A Modern OS (HaikuOS)

May 12 2018 · 3 minute read · by NavJack27

What makes a modern OS?

In the year 2018 I’d say the minimal thing that makes an operating system viable is the available web browser. There are so many things you can do on the internet that can make shortcomings in the OS itself more palatable. There are very capable ChromeOS devices out there that are living proof of this.

Misplaced priorities.

HaikuOS is one of the few totally alternative operating systems in existence. It’s based off BeOS from the 90s and is a very capable and very fast and responsive OS. A big issue with Haiku is that there really isn’t a modern web browser available right now. The default installed browser on the nightly alpha build on both x86 and 64-bit is WebPositive and this web browser is just horrific. Opening YouTube crashes, it and it barely passes Web BaseMark. If you open the HaikuDepot and search for web browsers to install you’ll find things like Otter Browser, QupZilla and Dooble. Otter Browser is probably the most usable in a modern web environment along with Dooble but Dooble requires some settings modifications to meet these criteria. QupZilla is right down there with WebPositive and really shouldn’t be used.

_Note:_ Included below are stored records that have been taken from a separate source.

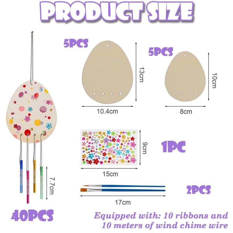- Set Includes: 10 Wooden Eggs (5 large, 5 small), 40 Colorful Wind Chime Tubes, 10m Silver Lines, 10 Colorful Ribbons, 2 Paintbrushes, Self-Adhesive Rhinestones, Instruction Manual.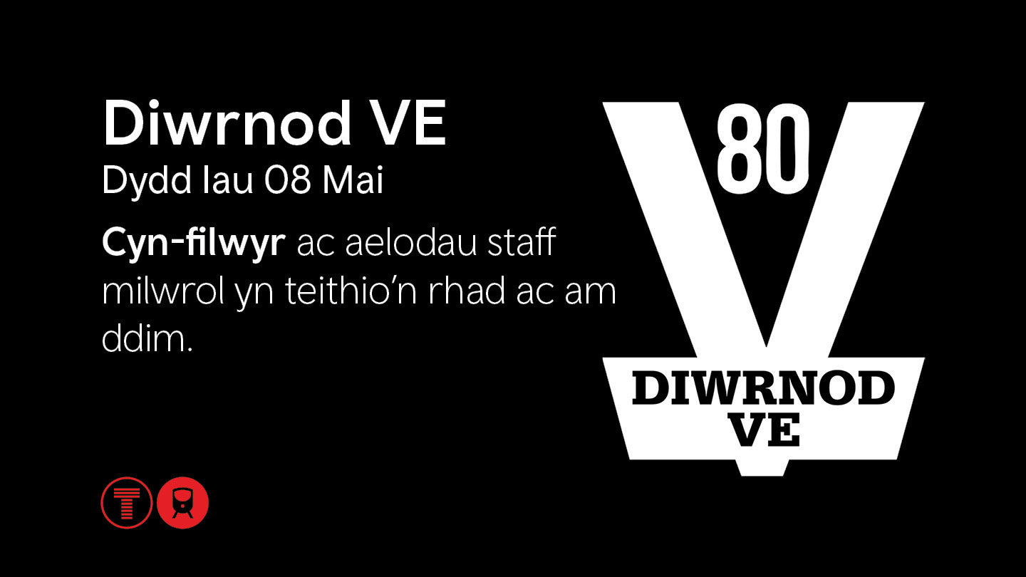 Rydym yn cynnig tocynnau trên am ddim i staff milwrol cyfredol, yn ogystal â chyn-filwyr, er mwyn nodi Diwrnod VE yfory.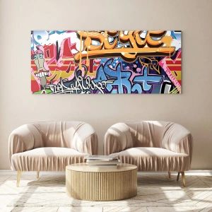 Quadro su vetro - Graffiti colorati con iscrizioni e illustrazioni dinamiche - 120x50cm - Murali, murali, murali… - Decorazione murale moderna per soggiorno e camera da letto ARTTOR

In a virtualized environment with a minimally powered laptop running Linux; HaikuOS is very usable and very often I catch myself wanting to do more things in the VM then in my native Linux install. It has to do with how responsive everything feels. It’s snappy, doing many things at once doesn’t have that preempted task stuttering feeling, it’s very smooth in times where it has no right to be as smooth as it’s being.

Eternal alpha.

This led me to installing HaikuOS bare to the metal as it were. It took some doing due to UEFI stupidness in my HP laptop, but I did get it installed on a USB stick and it booted up. Awesome! It sees all my cores, all my RAM except it doesn’t see my Wi-Fi and this laptop is too sleek and ‘thin-and-light’ to have a big awkward Ethernet port. I knew this before hand from searching through Haiku’s source code and driver stack. They don’t yet have Kaby Lake refresh internal Wi-Fi drivers built. Hopefully they will soon because some developer of Haiku will probably buy a new laptop with it and require them. Due to this I couldn’t test anything the way I wanted to, so I just stuck to my virtual machine. If you decide to download HaikuOS make sure that you are downloading the nightly release and not the years old version. On my computer I have a virtual machine for each of the releases, x86 and 64-bit that I tool around with to check on the progress of development. I personally love the idea of an operating system that isn’t imitating anything (ReactOS) and is striving for a different end goal then most things (Linux Kernel based systems).

Almost There!

I want to be able to use Haiku the way I want to. A modern web browser could be the big step it needs. I could excuse the lack of drivers and be totally happy using it in a virtual machine on my low powered laptop. That is a testament to how well the OS runs. I’ve purposefully “bottlenecked” my look at Haiku because my logic is that if an OS feels good to use while virtualized then it’s got to be tons better then this on bare metal. I was right, they just need the drivers first.